Bringing the Body into Balance
Many things can throw your musculoskeletal system out of balance: taking a bad fall or picking up your groceries the wrong way, for example. Or, in my case, after spending decades hunched over a laptop, I was waking up with chronic lower back pain and my posture left a lot to be desired. Over the years, I had seen chiropractors, massage therapists and physiotherapists. But it wasn’t until I consulted with Susan Deutsch, a certified Laban Movement Analyst in Germantown, that I learned how to undo the damage and rethink the way I move.
Deutsch began our session by quickly analyzing my body language. “Because of the way you have been using your body, you have put stress on your back. As a result, your bones have pulled your muscles out of alignment,” she said.
After discussing my concerns and identifying my problem areas, Susan used a skilled touch technique developed over her thirty-two years of experience to unblock my body’s energy flow and encourage better postural alignment. For me, the results were instantaneous. Areas that had been tense and painful to the touch suddenly softened and relaxed.
Deutsch then patiently guided my now relaxed and pain-free body into a sequence of repetitive small movements which, to my amazement, unlocked my stiff lumbar muscles and helped me relearn the proper way to sit and stand. Looking in a full-length mirror, I saw that my lower spine bulge, which I thought was a permanent deformity, had returned into normal position. She then demonstrated the proper way to go from a sitting to standing position, letting the upper legs rather than the back do all the work. After years of doing it wrong, it wasn’t as easy as it sounds. But, eventually, I got it right.
“I’m giving you a new way to live inside your body with less pain,” she said, “I am helping you remember how you used to move years ago before poor posture habits misaligned your spine.”
Following my first movement therapy session, I not only felt better, but was much more observant of my posture, instinctively correcting it whenever I started to slump over my laptop. While it will take several more sessions with Deutsch to hard-wire her “corrections” into my brain, I view her unique approach to movement therapy as an insurance policy against further pain and mobility issues.
A former dancer, Deutsch has an innate understanding of movement. However, it was her study of Movement analysis and therapy at Laban Institute of Movement Studies in New York City that took it to a whole new level. Laban is a 40-year-old multidisciplinary approach to movement that incorporates anatomy, kinesiology and psychology.
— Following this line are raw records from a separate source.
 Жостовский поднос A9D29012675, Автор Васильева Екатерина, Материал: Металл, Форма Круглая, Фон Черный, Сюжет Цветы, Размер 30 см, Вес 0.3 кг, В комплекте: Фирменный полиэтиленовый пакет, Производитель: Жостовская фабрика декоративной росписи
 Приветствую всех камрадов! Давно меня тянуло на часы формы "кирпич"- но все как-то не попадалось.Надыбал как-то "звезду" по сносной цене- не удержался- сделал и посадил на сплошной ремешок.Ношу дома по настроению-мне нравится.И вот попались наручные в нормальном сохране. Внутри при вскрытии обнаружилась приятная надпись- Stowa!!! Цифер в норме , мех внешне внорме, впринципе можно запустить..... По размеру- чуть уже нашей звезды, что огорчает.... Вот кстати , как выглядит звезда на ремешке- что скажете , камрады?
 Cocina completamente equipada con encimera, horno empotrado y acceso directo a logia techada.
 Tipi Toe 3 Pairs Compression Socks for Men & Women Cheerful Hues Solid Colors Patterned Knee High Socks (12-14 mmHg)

Among Laban Institute’s core values is recognition that “…being alive is being in movement, moving with greater consciousness and understanding…” Laban looks at the what, how, where, and why of all movement,” says Deutsch. “It enables me to look at bodies not just anatomically, but also the way in which each individual’s movement preferences say so much about them.”
“My work is about re-training the body, going back to simple movement patterns you probably had and may have lost as you became an adult and have a less playful and mobile life. In my work with clients, we revisit developmental movement patterns, in order to re-organize the brain and body,” says Deutsch, who works with people who have had brain injuries, as well as those with chronic aches and pains.
“I am passionate about teaching people ways to feel good throughout their day and night. Instead of exercises, I want to help you understand the way you use your body and how that can affect the way it feels. I want to give you ideas and imagery to operate in the long run.
“We are awake approximately sixteen hours a day. How are our bodies moving during these hours? How mindful are you about the way you are sitting? Standing? It is more than just being aware of our bodies during exercise time. We need to pay attention and find a new healthy normal for all hours,” she says.
In addition to her private clients, Deutsch teaches undergraduate Movement Analysis and a graduate Laban-based movement observation course to students working on their Master of Arts in Dance Movement Therapy. She also teaches at Circadium School of Contemporary Circus in Mt Airy. (If you’ve ever been to their performances, you know how attentive aerial artists must be to avoid injury.)
Besides her busy schedule as a movement analyst, therapist and teacher, Deutsch is a wife, mother, and co-owner with her husband James Hamilton of Rittenhouse SoundWorks, Rittenhouse FilmWorks and her son Matthew Hamilton’s headshot photography studio MHamiltonVisuals. Yet, she somehow finds time each day to care for and ride her horse Caetano. “Caetano and I are currently studying dressage,” she says. “This process makes me a more empathetic teacher and reminds me how hard it is to be a student, how hard it is to learn new things, how uncoordinated it is possible to feel or how hard it is sometimes to do a simple task when your mind and body are not on the same page.”